Note (2) :  [Gutenberg's transcriber's note that the *spelling inconsistencies *of the original are retained in their etexts.]

Hope this is of help.


----------



## CapnPrep

_vig_ to _óig_ seems like a long shot. I would suggest _vig_ = _bhig/bheag_, 'small (vocative masc./fem.)'

_cig_ to _óig_, on the other hand, does seems like possible slip-up in editing.


----------



## L'irlandais

Hi CapnPrep,
You're right, it was stretching things a little too far that.  _~shrug~ _

Effectively "*b*" is another consonant which when lenited "*bh*" is also pronounced as "v" when it preceeds both broad and slender vowels, so that fits.


> So "a vic vig O" maps on to ..."a mhic bhig(_bheag_) ó?" which might mean ..."my dear little lad?"
> "What's your name, a cailin vig O?". then becomes "a cailín bhig(_bheag_) ó? = my dear little girl. However this doesn't explain "a vic *cig*" :~ " my ..?.. lad"


Well *mac* certainly becomes *mhic* ;  but *beag* becomes *bheag* after the Séimhiú, no talk of a similar mutation of the "ea" to an "i" as far as I know.
I still do wish somebody could explain why the "*ea*" in *beag* could become "*i*" when pronounced here.
I've checked out my earlier suggestion of _'eclipsis'_, this relates to simply initial mutations, so it's not that.  Any ideas?

Thanks,


----------



## CapnPrep

The vocative form of masculine singular nouns and adjectives usually looks like the genitive singular. In particular, a final broad consonant becomes slender: nominative _an bád mór_ "the big boat" becomes genitive _an bhá*i*d mhó*i*r_. In some cases, vowels also undergo changes, for example "_ea_" turns into "_i_" before a slenderized consonant.

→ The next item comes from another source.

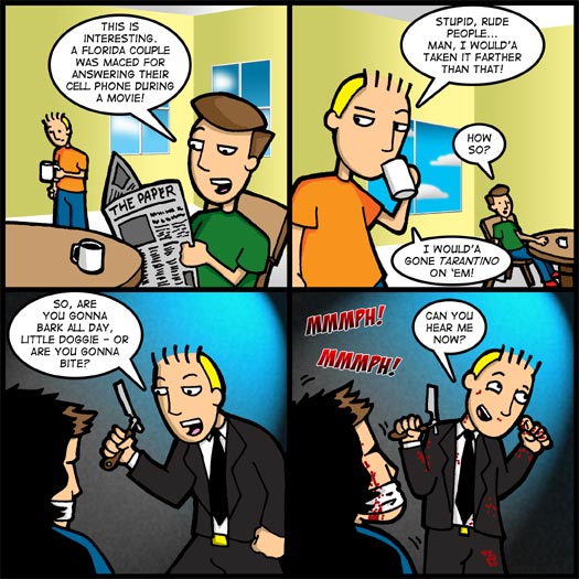 Is the story that Jared mentions in today’s comic true? You betcha. It happened a couple of days ago in St. Petersburg, Florida. A woman was maced by a security officer for answering her cell phone during the opening credits of Catwoman.

That is what happens in _beag ~ bhig_ (cf. _airgead_ ~ _airgid_ "money", _fear_ ~ _fir_ "man").


----------



## L'irlandais

Go raibh míle maith agat,
Thanks for the explaination, it's very helpful in understanding how the "i" comes to be added.

To be honest ; in the examples of fear and airgead, I had thought (wrongly) the "i" simply denoted a change from masculine singular to masculine plural.
*fear *= man 
*fir *= men (or in the case of gentlemen's toilet = leithreas na* bhfear* the sign reads *fir *meaning gents)
In the context of the original post then *fear* + Séimhiú = fh*ear *(pronounced  like *are *in English) so the fh is silent in this case.

In the context of *airgead* = money (masculine singular) when we talk about a lot of money = *cuid mhór airgid*.

That said ;  I do accept your point, just goes to show I do need to brush up on my Irish.


----------